問い直しを共にできる“バディ”を。独りにならない仕組みの重要性

ー 組織づくりというプロジェクトを進めてきて、どんなことが重要なポイントになると感じていらっしゃいますか?

大森:組織づくりは、半年や1年で終了する短期的なプロジェクトとは少々重みが違うと感じています。まず決めたことを実行するのに1、2年かかりますし、そのうえ組織内のメンバーも入れ替わりながら成長していくことが前提です。そもそも終わりがなく、そう簡単に大きな軌道修正もできないため、「失敗したから次に活かそう」というわけにもいきません。マイルストーンを意識しつつ、見えていないことはないか見定めながら進めていかないといけないのは、怖さもあり、その責任を負ってプロジェクトを動かしているということを常に忘れないようにしていました。

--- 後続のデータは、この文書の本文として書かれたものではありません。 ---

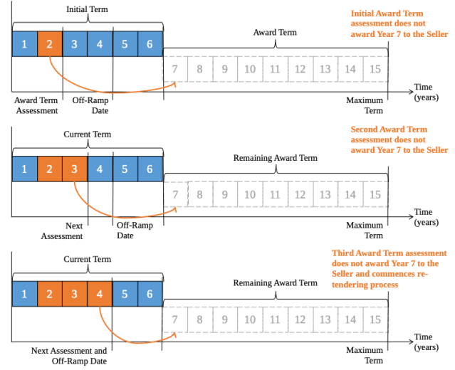 Unlike scenario 1, in scenario 2 the seller is delivering poor performance, behaviours and value. This scenario is shown in the figure below. In year 2 of the contract the buyer undertakes the Award Term assessment process resulting in an unsatisfactory rating. In this case the buyer would not grant any additional contract term beyond the original contract term (i.e. 6 years). During year 3 the seller continues to deliver poor performance, behaviours and value and again is assessed as unsatisfactoryand not grants an additional year of contract term. The original contract term of 6 years remains. Importantly, should the seller be assessed as unsatisfactory in year 4 of the contract the Off-Ramp Date will be reached resulting in an automatic re-tendering activity for some or all the contract scope.

大脇:進む道を決めるにあたっては、「これでいいのか」と常に問い直し続けていましたよね。道を見失わないように、主導する私たちがしっかり意識を持ち続けなければいけません。毎週必ずミーティングの時間を確保して、二人の間のコミュニケーションが途切れないようにしていたのはそのためです。会社の変化もリアルタイムで共有し、お互い情報が新鮮な状態で問い直しを重ね、繰り返し優先順位を調整していました。

組織づくりのプロジェクトに限りませんが、PCCを受講する方は、私たちのように誰かと毎週時間をとってワークを行うなど、独りにならないようにするといいかもしれません。

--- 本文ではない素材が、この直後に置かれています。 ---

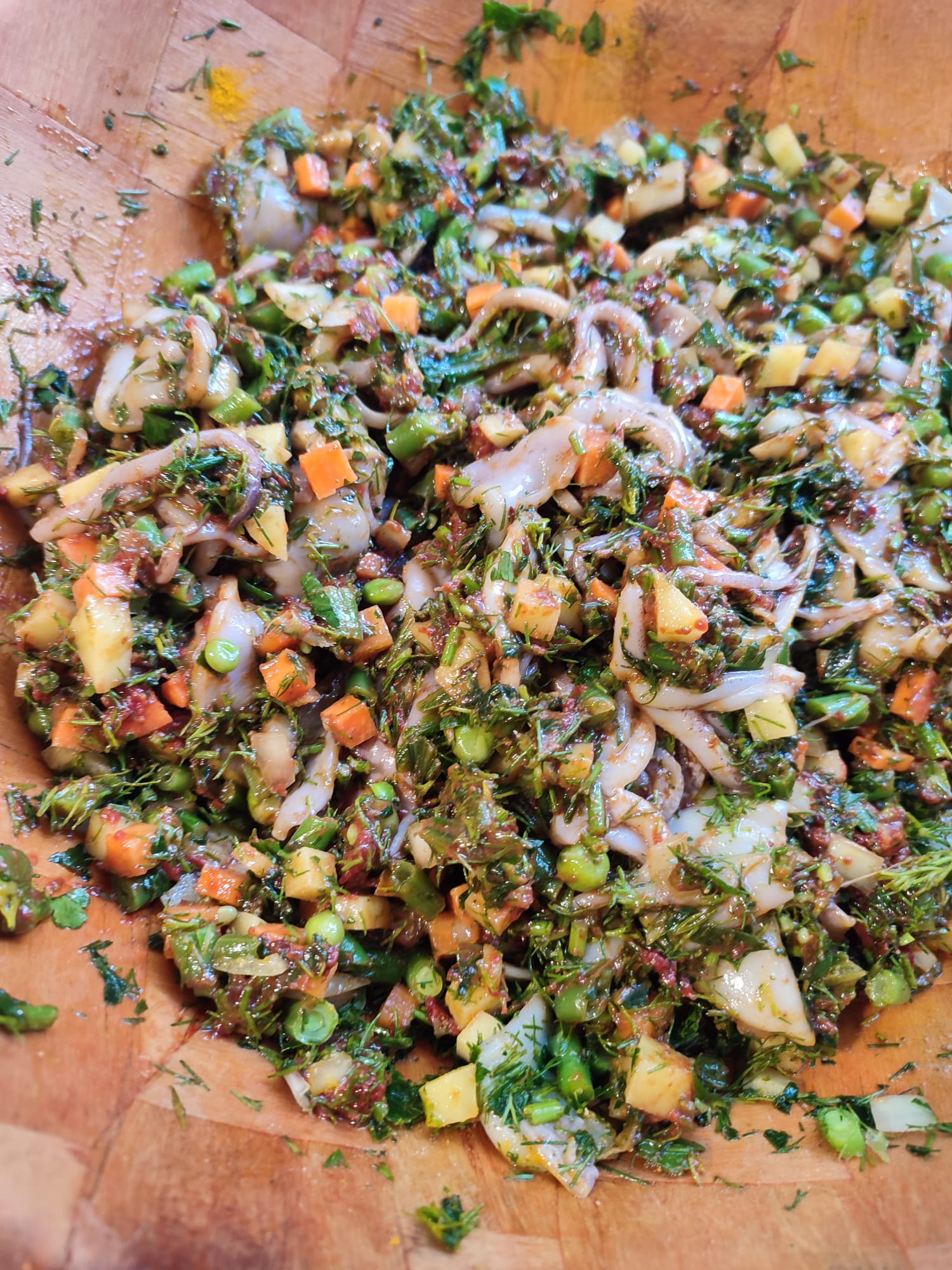 In una ciotola capiente mescolate tutti gli ingredienti insieme e trasferiteli nella parte alta della couscoussiera.

誰かにバディとしてついてもらい、最後のラップアップまで一緒にやる。変化したことやわからなかったことをバディの方からもフィードバックしてもらえるし、自分がどれだけプロジェクトに真摯に向き合っていたか伝えることもできます。「巻き込んでもいい人」が一人でもいることで、客観的なフィードバックがもらえる環境をつくるのがおすすめです。PCCでそのような仕組みがあるとうれしいですね。

ー 確かにそうですね。お二人の関係はとても理想的だと感じました。では最後に、ヴェネクト社での組織づくりのプロジェクト、現状はどのぐらいの地点にいて、今後どのようにしていきたいか、教えてください。

大森:到達地点としては、現在は80%くらいです。これまでの約半年間は、大脇さんを巻き込みながら、小さな仕組みを一つひとつつくってきました。今はそれを現場に共有し、リーダー職のメンバーたちが実践できるように定着させるフェーズに来ています。

発表の機会もあったことで、私がこういった組織づくりのプロジェクトを進めていることは既に知られているので、現場のメンバーから「いつまでに何をやるんですか」と聞いてきてくれるようになりました。土壌ができたので、これからは現場の意見も拾いながら進めて行きたいと思います。

大脇:80%の地点まで来てはじめて、「まだまだ道は先にある」と気づけた部分もあります。そう考えると、今は30%程度なのかもしれません。でもそれは、この地点まで進んできてはじめてわかること。約半年で現場の案件と良い距離感がつくれてきたことで、経営企画というレイヤー自体の視座も一段高くなったのではないかと思います。